Sorry für die Captchaanfrage oben - doppeltes Kästchen.

Es scheint mir, daß hier sich nicht wirklich mit den Reglements von amazon befasst wird, sonst würden hier nicht soviele Mythen herumschwirren.
Einzig und allein wichtig ist, ob der Händler eine genaue Angabe über die Erhältlichkeit seiner ware (Auf Lager, Stückzahl) sowie über die Lieferfrist ("versandfertig in X-Y Tagen) angibt.
Hält er sich explizit und in wiederholtem Falle nicht an diese Vorgaben, die von Amazon mit aller Gewalt verteidigt werden, kann Amazon die Zusammenarbeit mit diesem Händler schneller aufkündigen als er glauben mag.
Dies gilt insbesonders wenn der jeweilige Händler den Versand über Amazon regelt.
Drei Tage (wichtig - Werktage) über den Angaben ist eine Nichteinhaltung dieser Reglements.
Ich bezweifle arg, daß der Händler sich wegen gerade mal einer negativen Bewertung sich an Amazon wendet - speziell wenn die negative Bewertung sich nur wahrheitsgemäß auf die Dauer des Transports bezieht.
Jeder Kunde der diese Bewertung liest, kann ja selbst seine Folgeschlüße herauziehen - positiv oder negativ (nichts neues, daß die Post mal schludert).


----------



## BenTigger (8 Mai 2012)

genau mein reden, denn Versandfertig in 3 Tagen heisst nicht, das ich es in 3 Tagen in den Händen halte, sondern das er es spätestens nach 3 Tagen abgesendet hat. Der Rest ist dann eben, wie du schriebst, in den Händen der Post zu suchen. Die Zeiten sind schon lange vorbei, wo man der Post etwas übergeben hat und es am nächsten Tag beim Empfänger war. Bei mir kommt es auch öfter vor, das ich tagelang keine Post im Briefkasten vorfinde und dann plötzlich am nächsten Tag mehrere Sendungen drin sind. OK, normalerweise OK, aber stutzig macht es mich doch, wenn die Poststempel in der einzigen Lieferung 4 unterschiedliche Datumsangaben haben. Zwischenzeitlich hatte ich auch mal gelesen, das die Post Sendungen sammelt, wenn es zu wenige zum weitertransport sind. Aber ob dem tatsächlich so ist, kann ich nicht sagen. Aus wirtschaftlichen beweggründen kann ich mir das aber durchaus vorstellen. Deswegen rechne ich IMMER mit ein paar Tagen Lieferverzögerung und freue mich riesig, wenn es dann doch schneller da ist  Das erleichtert einen ungemein das Leben


----------



## Manule (1 Juni 2012)

Die meisten Verkäufer bieten ja auch den Service der Sendungsverfolgung an. Da kann man direkt sehen, wie lange ein Paket in den Händen der Post wirklich weilt.....Grenzt ab und an an einer echten Frechheit. Wenn man aber bertrachtet für welchen Hungerlohn die Angestellten der Post arbeiten bei so vielen Paketenam Tag auch kein Wunder!


----------



## Frotzelei (7 Januar 2013)

Das wundert mich überhaupt nicht.Ich habe einen ähnlichen Fall.
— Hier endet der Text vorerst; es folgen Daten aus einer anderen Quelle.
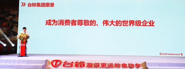 会议开始,台铃集团总裁姚立代表集团公司郑重发布了集团三年战略。“在台铃创立之初,我们就想着能做好的电动车产品,不断用创新科技满足人们对美好出行生活的向往,助力每一个人都能跑得更远。”总裁在回顾过往的时候动容地说道。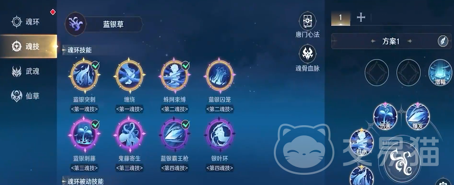 游戏开始时,玩家需从八大武魂中选择一个作为初始职业,如蓝银草、七杀剑、邪火凤凰等。新手建议选择操作简便且输出高的角色,蓝银草武魂远c加控制,而柔骨兔则是贴身肉搏型武魂,都是不错的选择。但是选择与自己喜欢的玩法相匹配的武魂还是更好玩的。选择一个武魂之后最好能够便于快速上手和前期推图。完成新手引导任务后,迅速解锁魂环系统,通过猎魂获得魂环,提升角色战斗力。

Obglich sich ein Amazon market place  verkäufer weigert, eine Reparatur für einen defekten Artikel innerhalb der Gewährleistungszeit abzuwickeln, schreibt man mir in unzähligen Standard Template Mails. dass ihnen das egal ist und sie das Ding ja nicht verkauft haben. Das stimmt, und ich habe ja auch nicht darum gebeten, dass mir Amazon den Schaden ersetzt. Ich wollte lediglich,d ass man den Verkäufer zur Rechenschaft zieht, wie dies bei Vertragsbruch üblich ist.
Dass sie dem Verkäufer über Marketplace aber die Gelegenheit für diese Machenschaften geben, intreressiert die keineswegs. Derselbe Verkäufer zieht mit UIhnen beim nächsten Einkauf dieseklbe Nummer ab. und Amazon wird wieder nicht reagieren.
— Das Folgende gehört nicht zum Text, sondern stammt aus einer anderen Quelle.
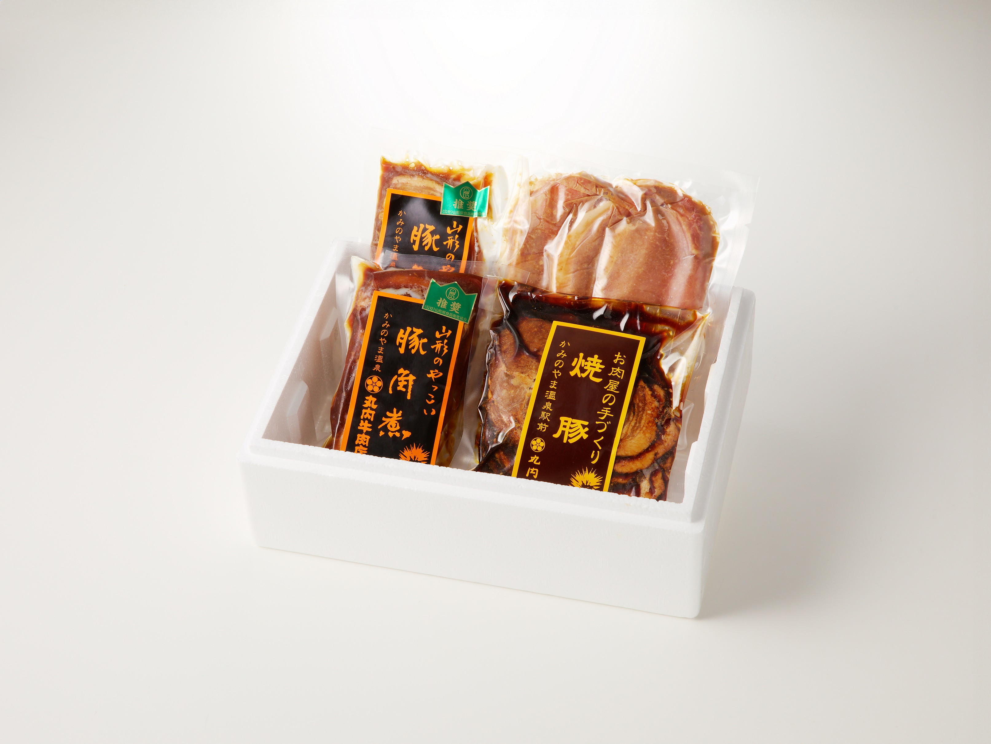 | 容量 | ・やっこい山形の豚角煮(50g×3切れ)2パック ・焼き豚 130g 1パック ・豚の味噌漬(80g×3枚)1パック |

Ich sehe ein, dass Amazon nicht für den Schaden haftet. Ein seriöses Unternehmen würde der Sache aber auf den Grund gehen und den Verkäufer zumindest vorübergehen sperren oder eine Sperrung androhen, wenn er sich nicht rechtskonform und wider das Konsumentschutzgesetz verhält und keine Stellungnahme abgibt.

Nicht so Amazon. Da wird man als Kunde lieber mit Standard Mails abgespeist. Amazon deckt die Machenschaften von solchen Verkäufern und lässt den nächsten Kunden wieder ins offene Messer laufen.
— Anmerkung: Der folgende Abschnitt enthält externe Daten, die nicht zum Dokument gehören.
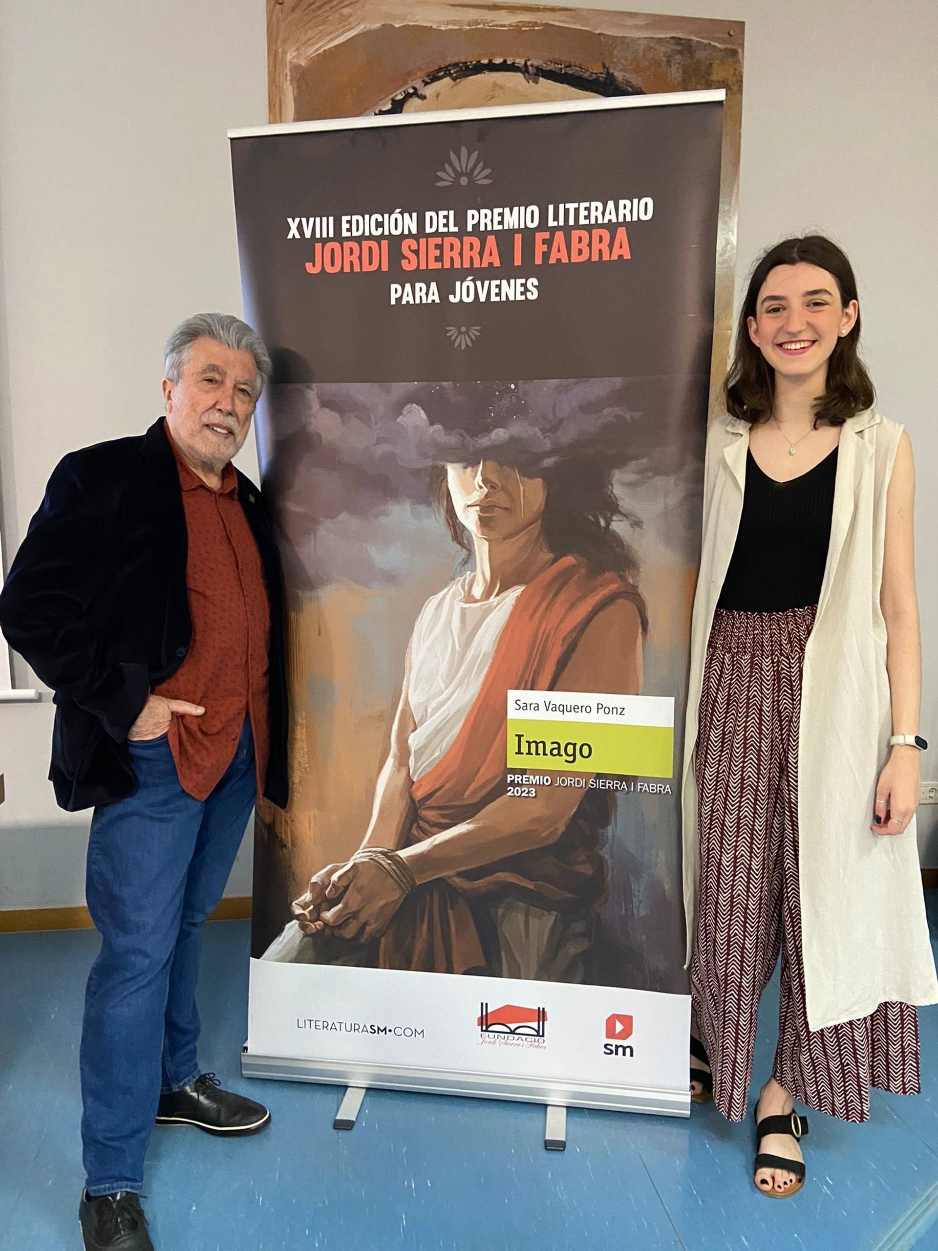 Zaragoza, 8 de junio de 2023.- SM ha presentado hoy en Zaragoza la novela ganadora del XVIII Premio Jordi Sierra i Fabra para jóvenes escritores. Sara Vaquero Ponz, joven zaragozana de 19 años, ha recogido el galardón de la mano el reconocido escritor Jordi Sierra i Fabra, y Berta Márquez, gerente editorial de Literatura Infantil y Juvenil de SM, en su antiguo instituto, Salesianos Zaragoza.Imago que llega hoy a librerías ha sido definida por el jurado como una novela "valiente y poco convencional con protagonistas potentes, una fantástica documentación y un final soberbio".

Mehrfach wurde ich auf die Amazon AGBs hingewiesen. Interesssant: In denen steht nämlich eigentlich, dass sich ein Verkäufer nicht so Verhalten darf. Als ich eben jene Passagen zitierte interessierten Amazon die eigenen AGBs plötzlich nicht mehr....

Bei Amazon Marketplace einkaufen ist ein absoluter Knieschuss und ein nicht empfehlenswertes Risiko.
Meine Erfahrung mit Amazon Marketplace sind somit verheerend. Man kann bei Amazon selbst etwas kaufen, niemals aber beim market Place. Wenn es Probleme gibt, bist Du auf Dich gestellt. Amazon wird offensichtlich immer azuf die Seite des verkäufers schlagen. Egal wie offensichtlich dessen Fehlverhalten und wie eindeutig die Beweislage auch ist.

Interessant (sicherlich auch juristisch) ist dabei die Haltung von Amazon:

Man stellt gerne die infrastruktur, schreibt AGBs, verbürgt sich mit A-Z Garantie für die Verkäufer und  nimmt auch gerne das Geld (denn margen wird man ja sicherlich als verkäufer bezahlen), wenn es Probleme gibt, hat man damit aber plötzlich überhaupt gar nichts zu tun.

Dass nur Amazon selbst einen Betrüger auf Market Place dingfest machen könnte, interessiert niemanden. Egal wie offensichtlich der betrug oder das Fehlverhalten auch ist:
Als Kunde hat man bei Amazon keine Rechte. 
Die Pflichten gelten offenbar ebenfalls nur für Kunden und nicht für Verkäufer.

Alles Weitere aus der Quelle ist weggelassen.